Aqueduct automates away the engineering required to deploy, connect, and monitor data science projects in production — whether it's a simple model running locally or a large-scale prediction task in the cloud.
Rather than spending days or weeks, you can deploy a model with two lines of Python -- under the hood, Aqueduct abstracts away all of the low-level cloud infrastructure needed to make it real.
Aqueduct comes with a pre-built suite of connectors to data warehouses, databases, and business systems, allowing you to publish predictions wherever they're needed.
Prediction pipelines can break — often silently — for lots of reasons, including schema changes, data distribution shifts, and model drift. With Aqueduct's metrics & checks, you get detailed visibility into the ongoing model performance and immediately get notified if things go awry.

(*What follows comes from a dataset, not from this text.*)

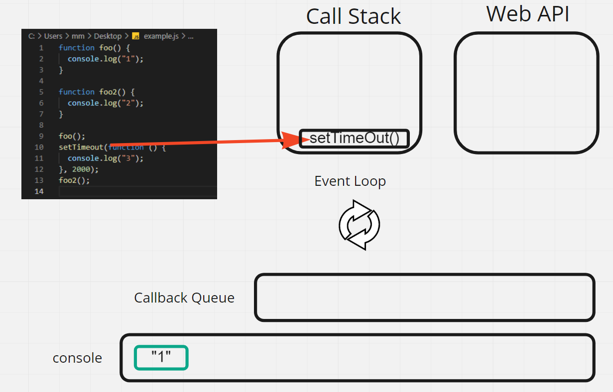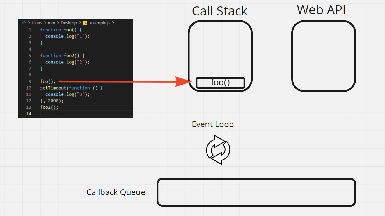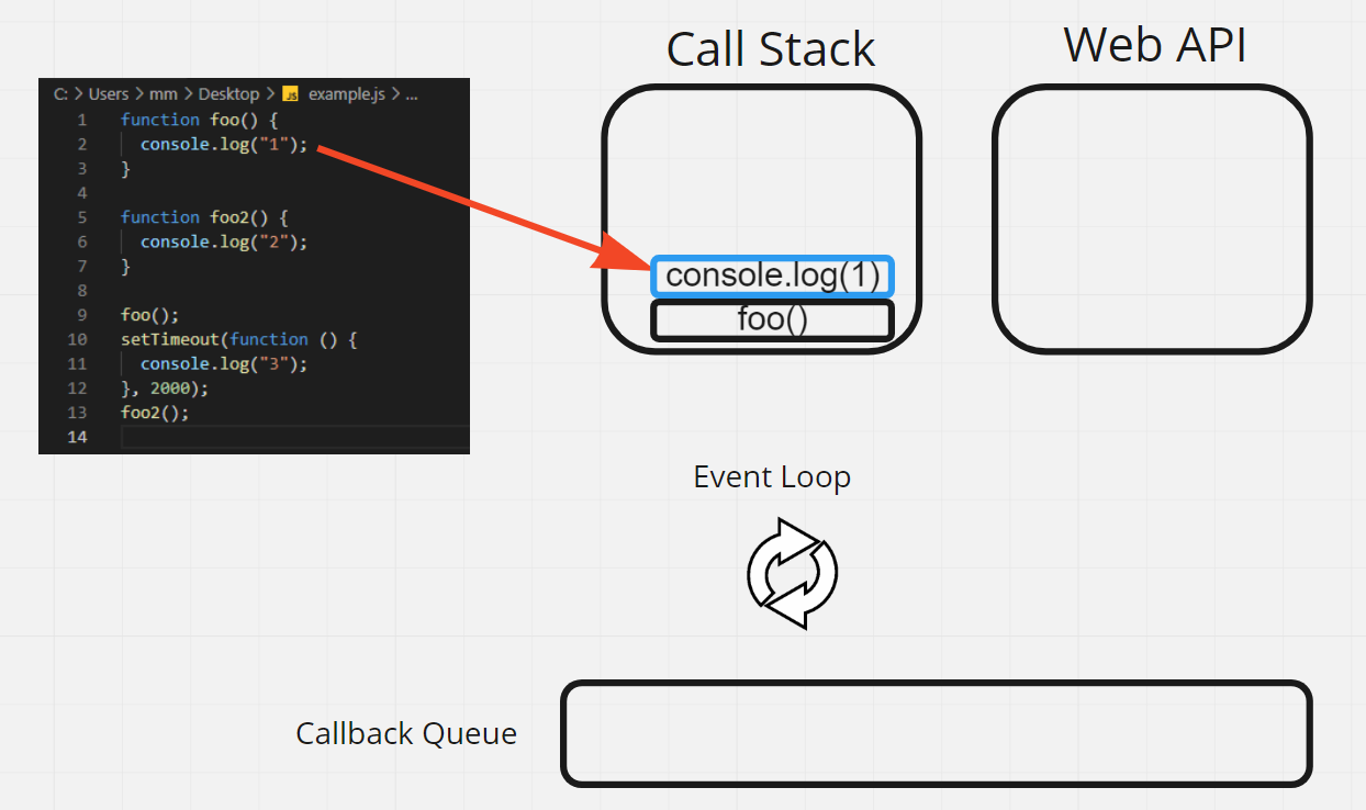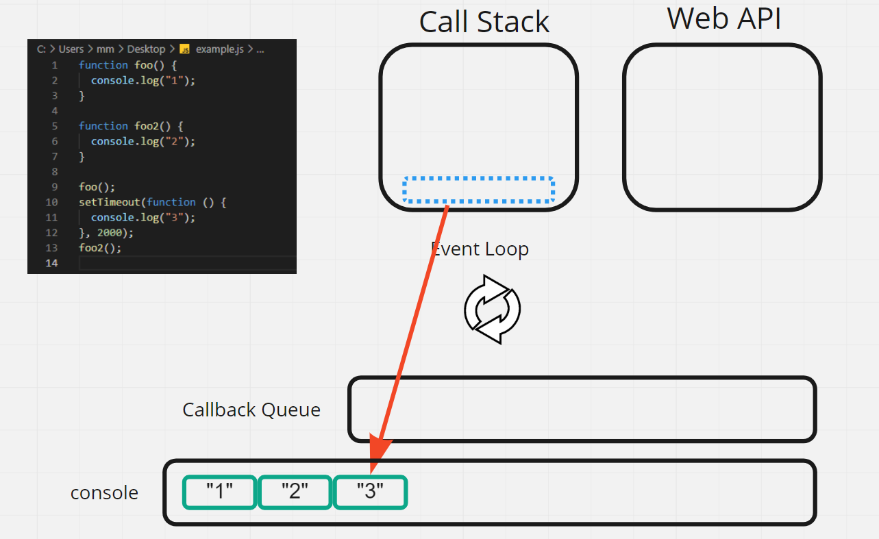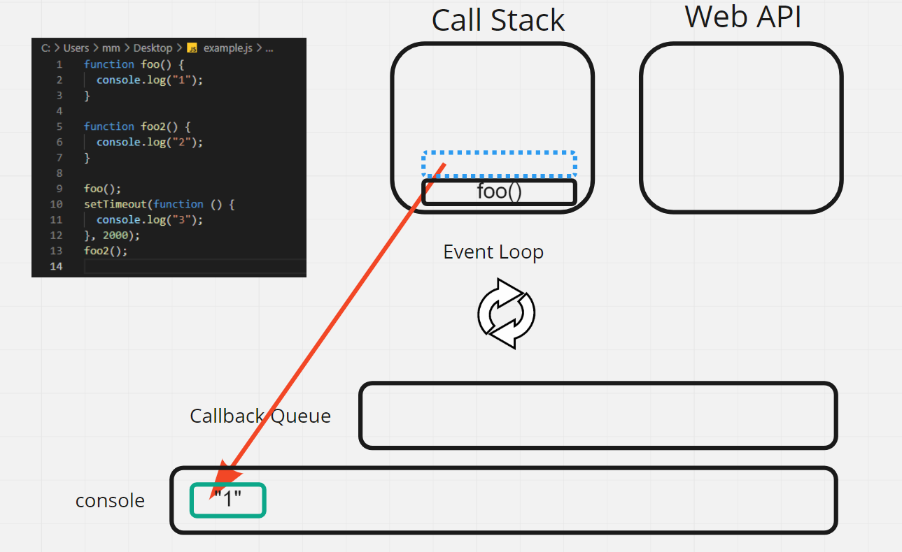 ์ฌ๊ธฐ์ ํท๊ฐ๋ฆฌ์๋ฉด ์ ๋๋ ๊ฒ Call Stack์ ์๋ foo2() ํจ์๊ฐ ์ข ๋ฃ๋๊ณ ๋์์ผ Web API๋ฅผ ์ฒ๋ฆฌํ๋ ๊ฒ ์๋๊ณ setTimeOut()์ด Web API๋ก ๋์ด๊ฐ ์์ ๋ถํฐ ์ฒ๋ฆฌ๋๊ณ ์๋ ๊ฒ์ ๋๋ค. ์ฆ, Call Stack์์๋ foo2() ํจ์๋ฅผ ์ฒ๋ฆฌํ๊ณ ์์๊ณ , Web API์์๋ setTimeOut()์ 2์ด ๋์ ๋๋ฆฌ๊ณ ์์๋ค๋ ๊ฒ์ด์ฃ .

Data scientists should have full control over their prediction pipelines, from definition to deployment to monitoring — but today, they don't. Aqueduct enables data scientists to be self-sufficient and take control of their predictions by eliminating the engineering required to deploy & manage ML models.

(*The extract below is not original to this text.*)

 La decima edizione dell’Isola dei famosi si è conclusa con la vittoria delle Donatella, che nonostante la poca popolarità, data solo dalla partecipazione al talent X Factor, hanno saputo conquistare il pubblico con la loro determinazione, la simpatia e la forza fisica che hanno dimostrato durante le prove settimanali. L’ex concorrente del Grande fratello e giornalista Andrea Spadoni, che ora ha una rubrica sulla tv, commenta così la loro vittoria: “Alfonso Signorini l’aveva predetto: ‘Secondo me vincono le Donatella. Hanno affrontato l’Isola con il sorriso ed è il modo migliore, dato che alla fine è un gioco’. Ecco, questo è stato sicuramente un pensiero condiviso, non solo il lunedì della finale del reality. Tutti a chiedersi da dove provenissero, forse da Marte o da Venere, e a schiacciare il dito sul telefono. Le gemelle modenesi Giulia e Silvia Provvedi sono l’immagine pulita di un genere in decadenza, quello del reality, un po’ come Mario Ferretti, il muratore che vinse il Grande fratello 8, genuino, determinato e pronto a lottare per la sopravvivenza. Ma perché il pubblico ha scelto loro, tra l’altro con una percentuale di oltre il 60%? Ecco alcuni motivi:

Today, data engineers need to manage complex & tedious deployment and debugging processes in order to enable data scientists to succeed. Aqueduct removes the need for data engineers to manage custom deployment processes and retrieve context around when and how ML models break.
MLOps slows down every data team by demanding data engineers and data scientists both be involved with every minor change to your prediction pipelines. Aqueduct eliminates this operational inefficiency by streamlining prediction delivery for everyone on your team.